§ Exercise: What is needed is the full listing written out exactly, minus the pictures.

§ Data:
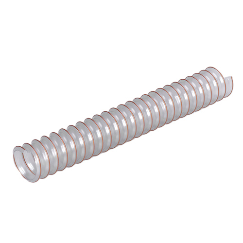 Tubo trasparente in TPU a base estere rinforzato con spirale in acciaio ricoperta in TPU color rame, per assicurare la massima adesione con la parete. Spessore di parete da 0,4 mm a 0,75 mm. Altissima flessibilità e maneggevolezza che, unite a grande leggerezza e comprimibilità (circa 5:1), rendono il tubo ideale per chi cerca facilità d’uso, stoccaggio e trasporto. Resistente ad abrasione, olii minerali, raggi UV, invecchiamento e ozono.
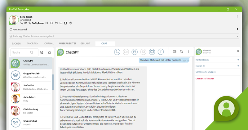 With the new extension of ProCall Enterprise by supporting the interface to ChatGPT, you can now make requests to ChatGPT directly in your ProCall Enterprise client in the chat window and quickly obtain information such as text formulations or translations. If needed, you can refine the output results by making more specific queries.
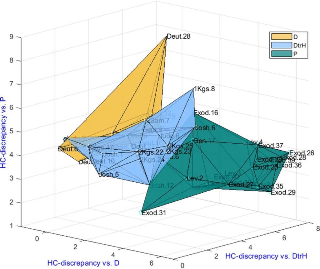 Los resultados fueron claros. Los textos de D y DtrH comparten una fuerte cercanía estilística, mientras que los textos sacerdotales (P) se separan notablemente. Esta diferencia no sorprende a los expertos en estudios bíblicos, pero lo novedoso es que se ha confirmado ahora mediante una herramienta estadística reproducible y transparente.
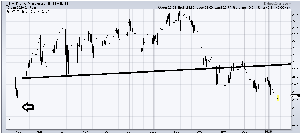When AT&T (T) started breaking down I decided I wanted it to fill that gap from February last year. It would complete a measured target as well. If it can drop down there I would look to buy. Alternatively, if it can recapture $24 like it means it then I’d take another look at the stock.

§ Exercise response:
 Tubo trasparente in TPU a base estere rinforzato con spirale in acciaio ricoperta in TPU color rame, per assicurare la massima adesione con la parete. Spessore di parete da 0,4 mm a 0,75 mm. Altissima flessibilità e maneggevolezza che, unite a grande leggerezza e comprimibilità (circa 5:1), rendono il tubo ideale per chi cerca facilità d’uso, stoccaggio e trasporto. Resistente ad abrasione, olii minerali, raggi UV, invecchiamento e ozono.
 With the new extension of ProCall Enterprise by supporting the interface to ChatGPT, you can now make requests to ChatGPT directly in your ProCall Enterprise client in the chat window and quickly obtain information such as text formulations or translations. If needed, you can refine the output results by making more specific queries.
 Los resultados fueron claros. Los textos de D y DtrH comparten una fuerte cercanía estilística, mientras que los textos sacerdotales (P) se separan notablemente. Esta diferencia no sorprende a los expertos en estudios bíblicos, pero lo novedoso es que se ha confirmado ahora mediante una herramienta estadística reproducible y transparente.
When AT&T (T) started breaking down I decided I wanted it to fill that gap from February last year. It would complete a measured target as well. If it can drop down there I would look to buy. Alternatively, if it can recapture $24 like it means it then I’d take another look at the stock.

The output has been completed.